Record Details

Title Enhanced Geothermal Systems (EGS) with CO2 as Heat Transmission Fluid - A Scheme for Combining Recovery of Renewable Energy with Geologic Storage of CO2
Authors Karsten Pruess and Nicolas Spycher
Year 2010
Conference World Geothermal Congress
Keywords EGS-CO2, reservoir development, heat transfer, numerical simulation, carbon storage
Abstract It has been suggested that enhanced geothermal systems (EGS) may be operated with supercritical CO2 instead of water as heat transmission fluid (D.W. Brown, 2000). Such a scheme could combine recovery of geothermal energy with simultaneous geologic storage of CO2, a greenhouse gas.
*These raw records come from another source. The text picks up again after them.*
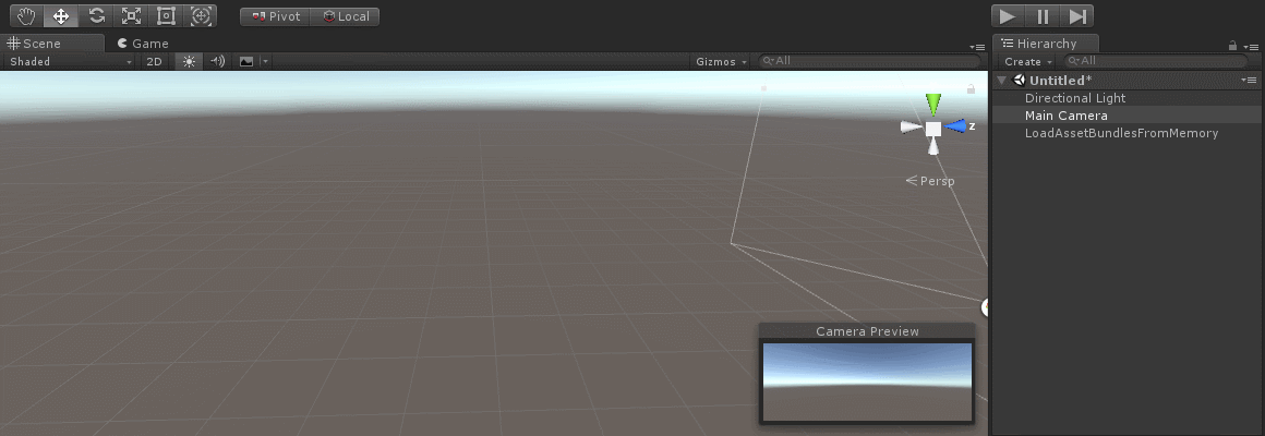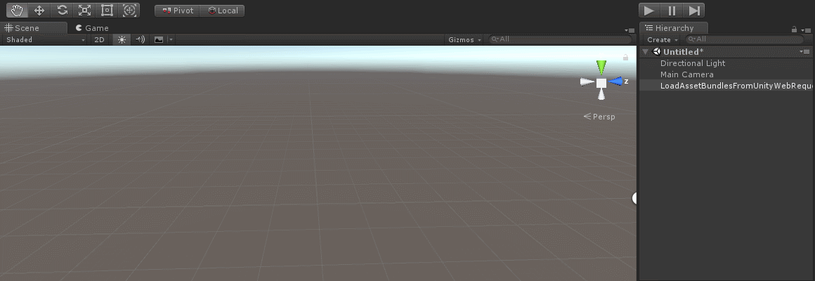 LoadAssetBundlesFromFile 스크립트를 빈 게임오브젝트에 추가 후 게임을 플레이합니다.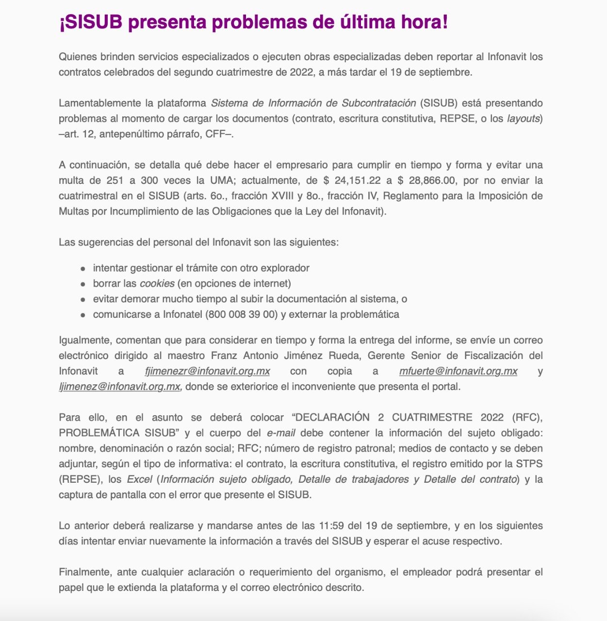 Para ello, en el asunto se deberá colocar “DECLARACIÓN 2 CUATRIMESTRE 2022 (RFC), PROBLEMÁTICA SISUB” y el cuerpo del e-mail debe contener la información del sujeto obligado: nombre, denominación o razón social; RFC; número de registro patronal; medios de contacto y se deben adjuntar, según el tipo de informativa: el contrato, la escritura constitutiva, el registro emitido por la STPS (REPSE), los Excel (Información sujeto obligado, Detalle de trabajadores y Detalle del contrato) y la captura de pantalla con el error que presente el SISUB.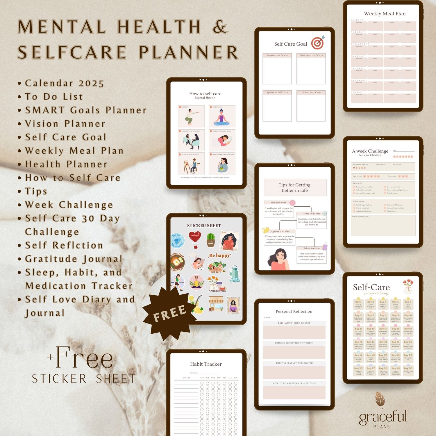 Mental Health & Selfcare Planner - Digital Download (PDF)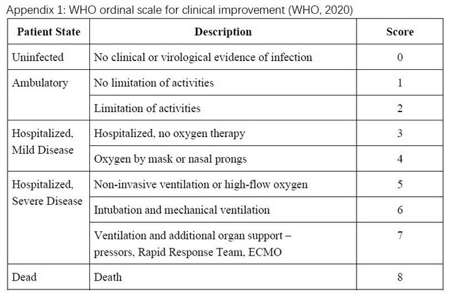 對於藥物治療住院的重症患者,進行療效評估時,FDA及其他主要監管部門均要求觀察重要的臨床獲益指標,這些患者治療後28天內病情惡化(Clinical Deterioration)比例,是公認的最佳療效評估指標之一。NOVATION-1研究主要設計如下:入組的重症患者(WHO量化評分4分或5分)隨機分組後,分別接受霧化吸入樂複能(20μg/次,每天2次,總用藥量40μg/天)或安慰劑治療10天,觀察28天內患者的安全性與初步有效性指標,並在治療結束後2周和4周各隨訪1次。本研究主要療效終點采用WHO量表作為評價標準,評價治療開始至28天內患者的臨床惡化率比例(Proportion of Clinical Deterioration up to Day 28),臨床惡化定義為開始治療第1天至28天內,任一時間病情惡化達到WHO評分6、7或8分(分別對應需要有創性機械通氣、ECMO或死亡,統稱為“呼吸衰竭和死亡”(RespiratoryFailure and Death)。WHO量化評分表(WHO 8-Points Ordinal Scale)參見附件1。

At geothermal temperature and pressure conditions of interest, the flow and heat transfer behavior of CO2 would be considerably different from water, and chemical interactions between CO2 and reservoir rocks would also be quite different from aqueous fluids. This paper summarizes our research to date into fluid flow and heat transfer aspects of operating EGS with CO2. (Chemical aspects of EGS with CO2 are discussed in a companion paper; Xu and Pruess, 2010.) Our modeling studies indicate that CO2 would achieve heat extraction at larger rates than aqueous fluids. The development of an EGS-CO2 reservoir would require replacement of the pore water by CO2 through persistent injection. We find that in a fractured reservoir, CO2 breakthrough at production wells would occur rapidly, within a few weeks of starting CO2 injection. Subsequently a two-phase water-CO2 mixture would be produced for a few years, followed by production of a single phase of supercritical CO2. Even after single-phase production conditions are reached, significant dissolved water concentrations will persist in the CO2 stream for many years. The presence of dissolved water in the production stream has negligible impact on mass flow and heat transfer rates.